• WHAT IS NEEDED: Retype, please, the listing from its opening line through the line that contains "På plats vid", both included, without the pictures.

• GIVEN DATA:
- Opening Delimiter -

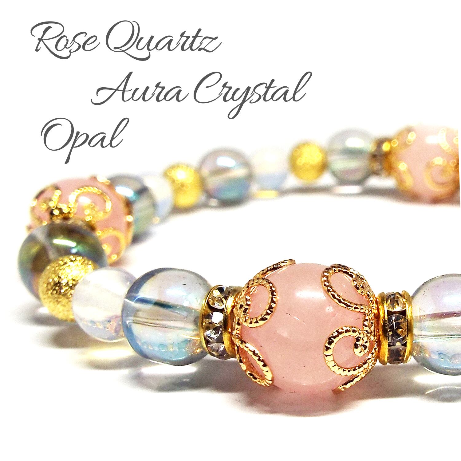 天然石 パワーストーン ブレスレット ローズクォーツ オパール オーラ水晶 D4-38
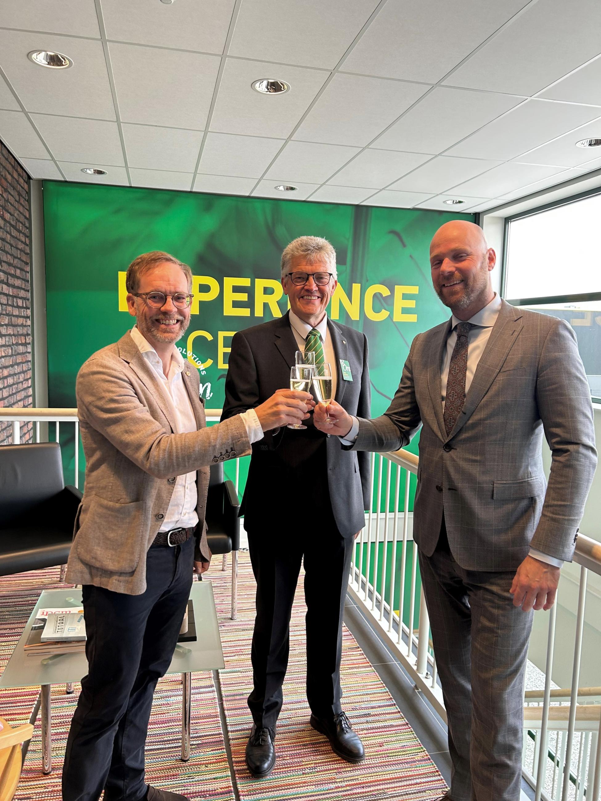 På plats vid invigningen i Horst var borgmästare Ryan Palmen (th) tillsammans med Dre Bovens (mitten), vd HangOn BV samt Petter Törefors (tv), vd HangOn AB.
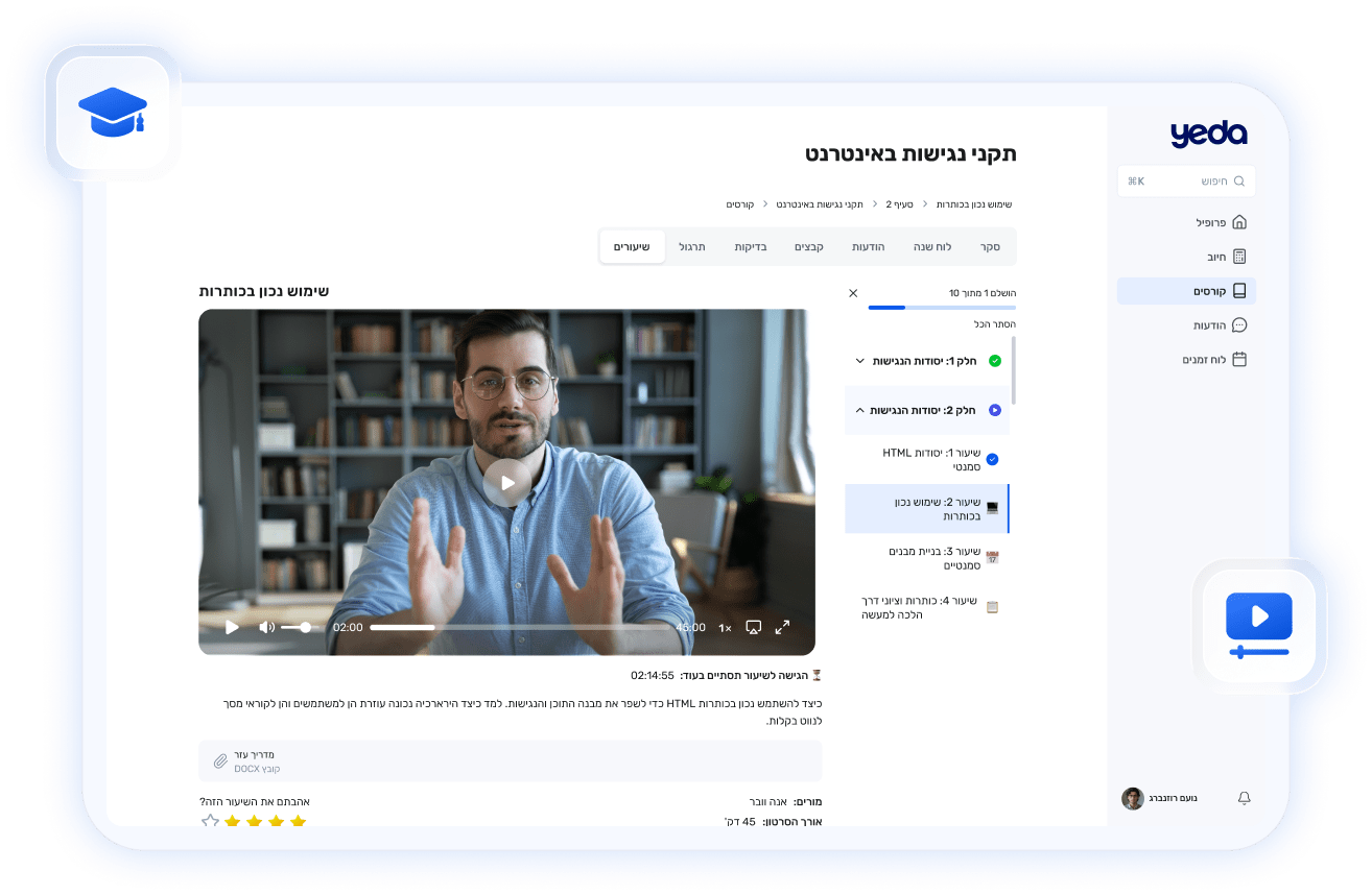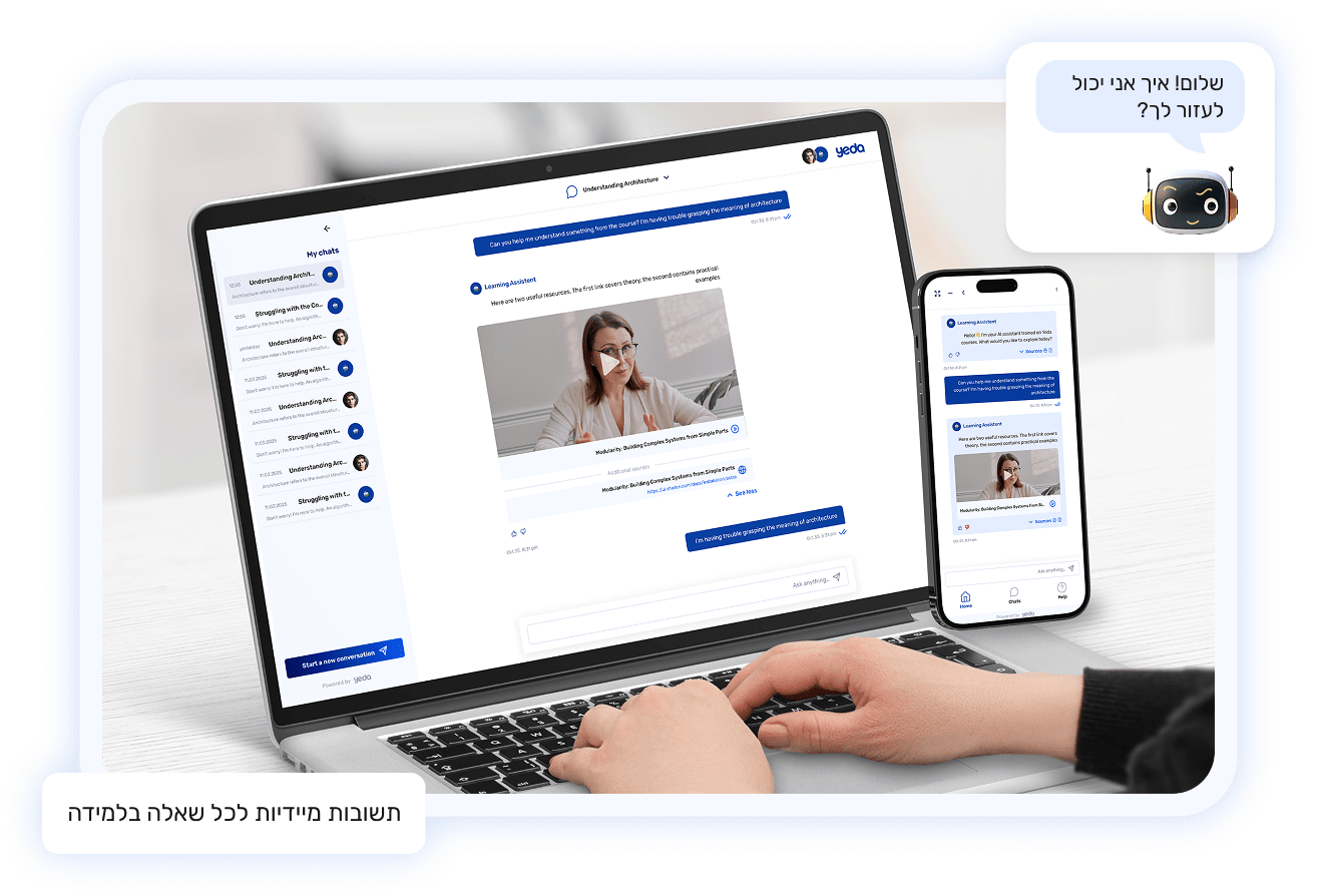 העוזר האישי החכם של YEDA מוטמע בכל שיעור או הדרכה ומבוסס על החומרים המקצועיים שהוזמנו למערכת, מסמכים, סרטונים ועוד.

- Closing Delimiter -

• EXPECTED ANSWER:
 天然石 パワーストーン ブレスレット ローズクォーツ オパール オーラ水晶 D4-38
 På plats vid invigningen i Horst var borgmästare Ryan Palmen (th) tillsammans med Dre Bovens (mitten), vd HangOn BV samt Petter Törefors (tv), vd HangOn AB.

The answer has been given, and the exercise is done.